**Your instructions**
Give the data below again exactly as written, but without the pictures.

**Records shown**
********

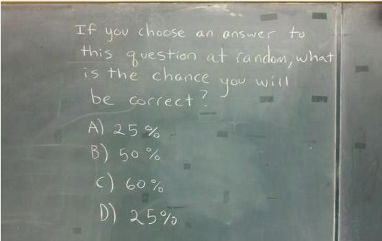You’d think that, since there are four possible answers, that you should answer 25%. However, there are two choices for 25%, so the chance of picking 25% as your answer is 2/4, or 50%. But there’s only one way to answer 50%, so the answer should be 1/4, or 25%. To quote “The King and I,” et cetera, et cetera, et cetera.
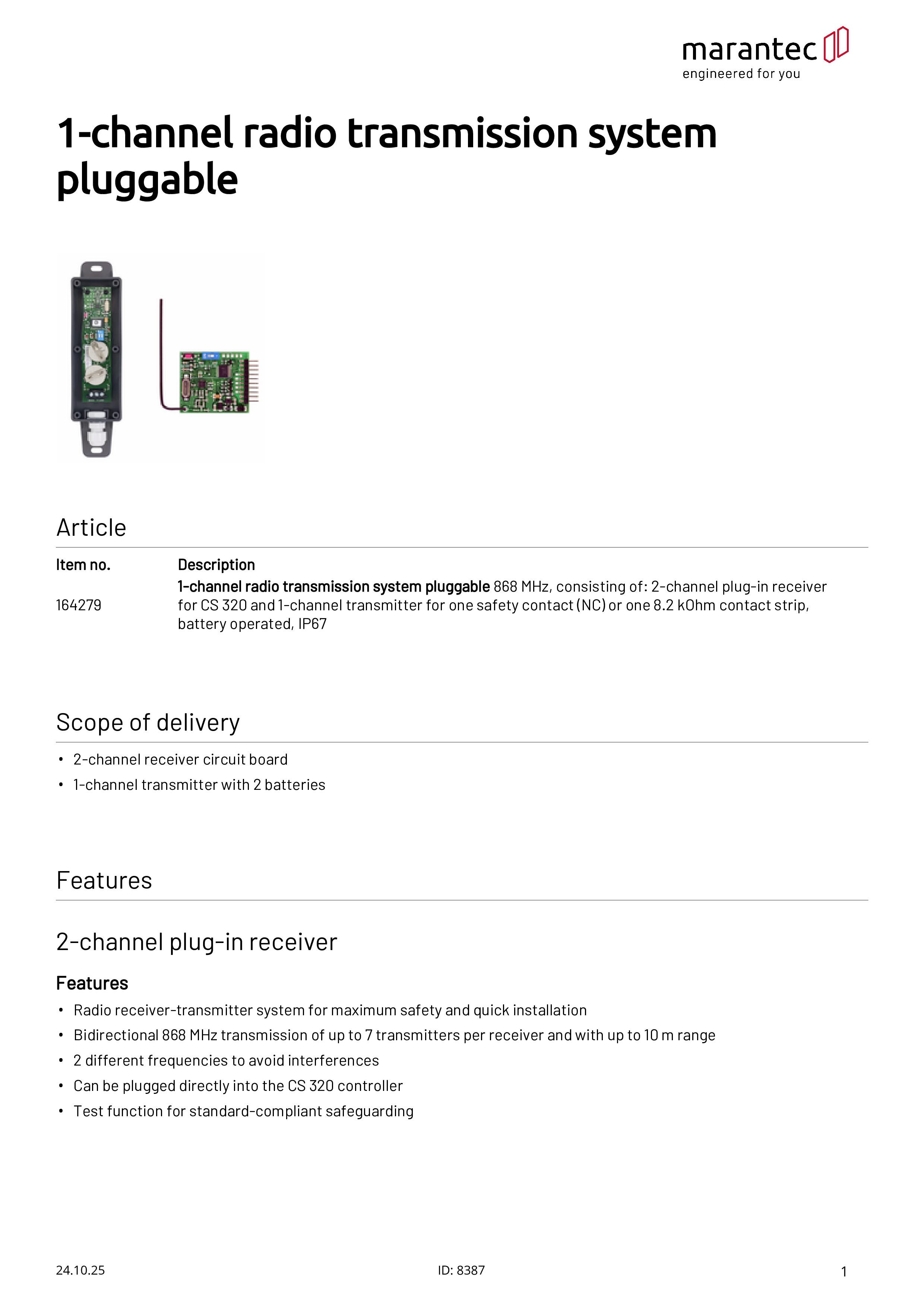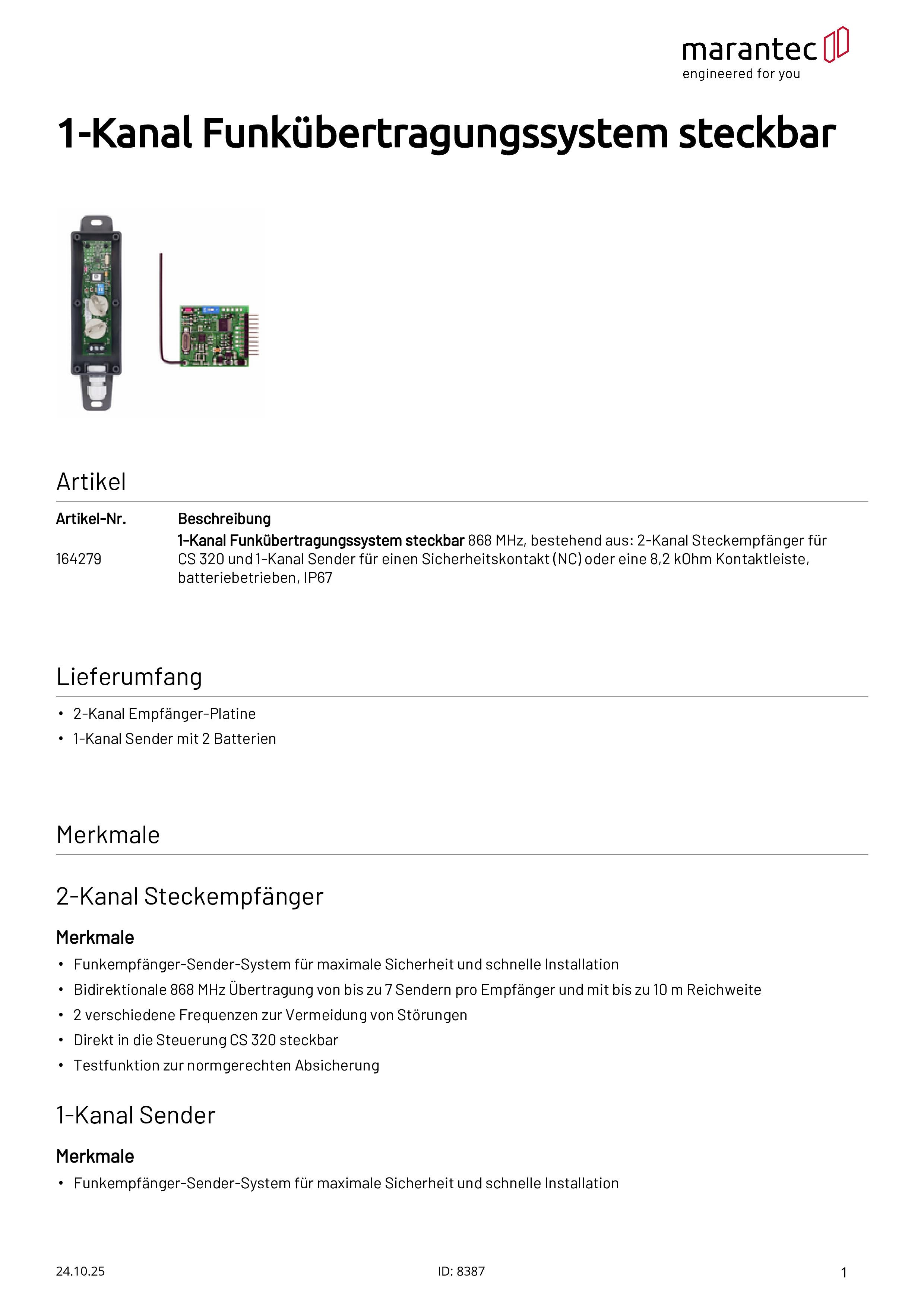 Funkübertragungssystem: 2-Kanal Steckempfänger CS 320, 1-Kanal Sender
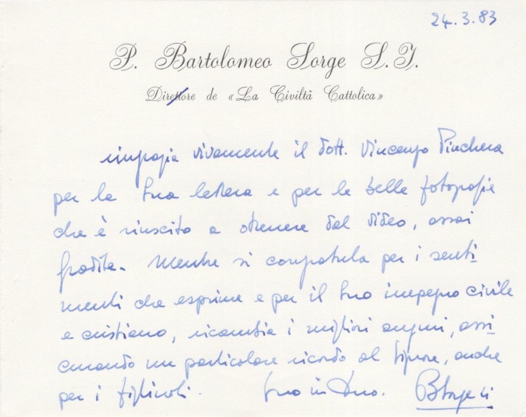Biglietto interamente autografo e firmato di Padre Bartolomeo Sorge S.I., gesuita, teologo e giornalista, fu direttore de La Civiltà Cattolica e di Aggiornamenti Sociali. Figura di rilievo del cattolicesimo italiano, unì l’impegno culturale a quello pastorale. Biglietto datato 24 marzo 1983, in cui il gesuita ringrazia il destinatario per il gradito invio di alcune fotografie estrapolate da un video. La missiva, redatta con tono cordiale e personale, si chiude con un sincero messaggio di stima per l'impegno civile e cristiano e con un augurio rivolto al destinatario e ai suoi figli. Presente la busta d'invio su carta intestata de "La Civiltà Cattolica" con destinatario.
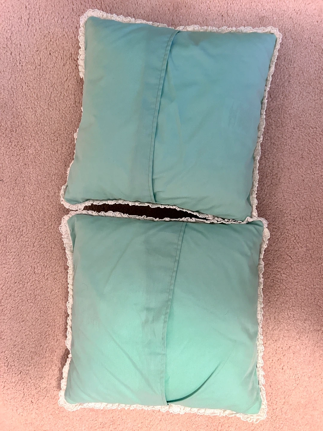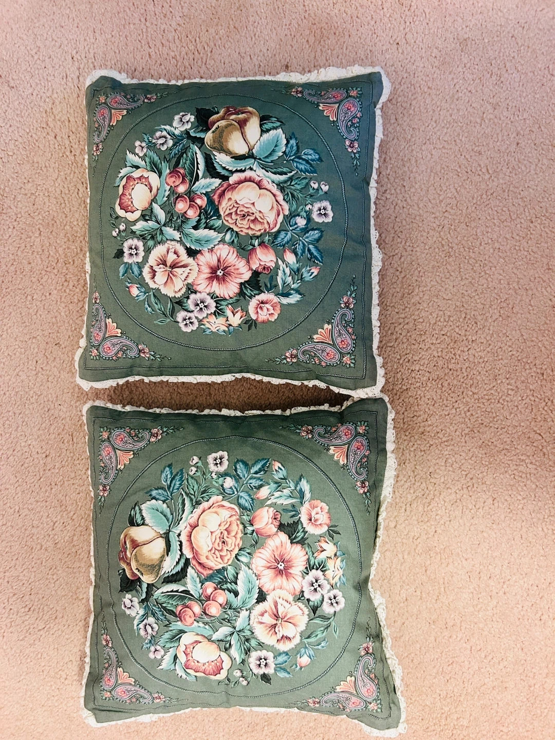 Two BRAND NEW 15” throw pillows featuring a lovely floral pattern with roses and intricate borders. They have a delicate lace trim around the edges. Perfect for adding a touch of vintage charm to your living room or bedroom!
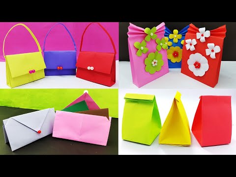 4 Amazing Paper Bag Making | How To Make Paper Bags | Origami Gift Bags | DIY School Crafts
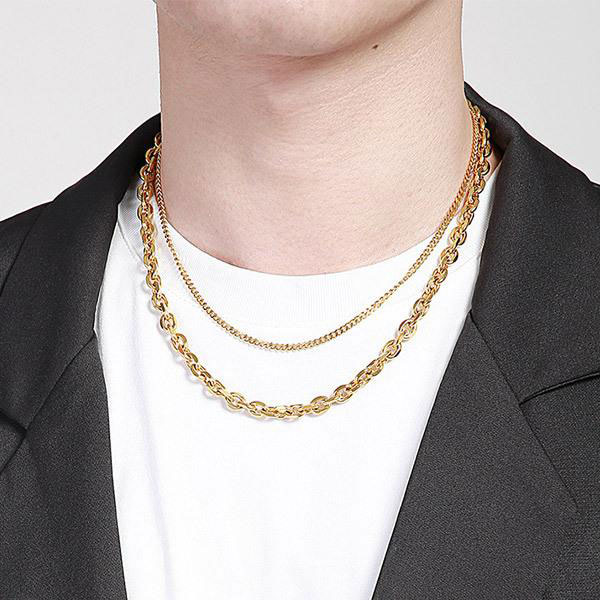 メンズ 2層チェーンネックレス ステンレス マンテルタイプ 棒状 留め具 首元 ジュエリー アクセサリー ギフト プレゼント 着脱...

********

**Result for this exercise**
You’d think that, since there are four possible answers, that you should answer 25%. However, there are two choices for 25%, so the chance of picking 25% as your answer is 2/4, or 50%. But there’s only one way to answer 50%, so the answer should be 1/4, or 25%. To quote “The King and I,” et cetera, et cetera, et cetera.
 Funkübertragungssystem: 2-Kanal Steckempfänger CS 320, 1-Kanal Sender
Biglietto interamente autografo e firmato di Padre Bartolomeo Sorge S.I., gesuita, teologo e giornalista, fu direttore de La Civiltà Cattolica e di Aggiornamenti Sociali. Figura di rilievo del cattolicesimo italiano, unì l’impegno culturale a quello pastorale. Biglietto datato 24 marzo 1983, in cui il gesuita ringrazia il destinatario per il gradito invio di alcune fotografie estrapolate da un video. La missiva, redatta con tono cordiale e personale, si chiude con un sincero messaggio di stima per l'impegno civile e cristiano e con un augurio rivolto al destinatario e ai suoi figli. Presente la busta d'invio su carta intestata de "La Civiltà Cattolica" con destinatario.
 Two BRAND NEW 15” throw pillows featuring a lovely floral pattern with roses and intricate borders. They have a delicate lace trim around the edges. Perfect for adding a touch of vintage charm to your living room or bedroom!
 4 Amazing Paper Bag Making | How To Make Paper Bags | Origami Gift Bags | DIY School Crafts
 メンズ 2層チェーンネックレス ステンレス マンテルタイプ 棒状 留め具 首元 ジュエリー アクセサリー ギフト プレゼント 着脱...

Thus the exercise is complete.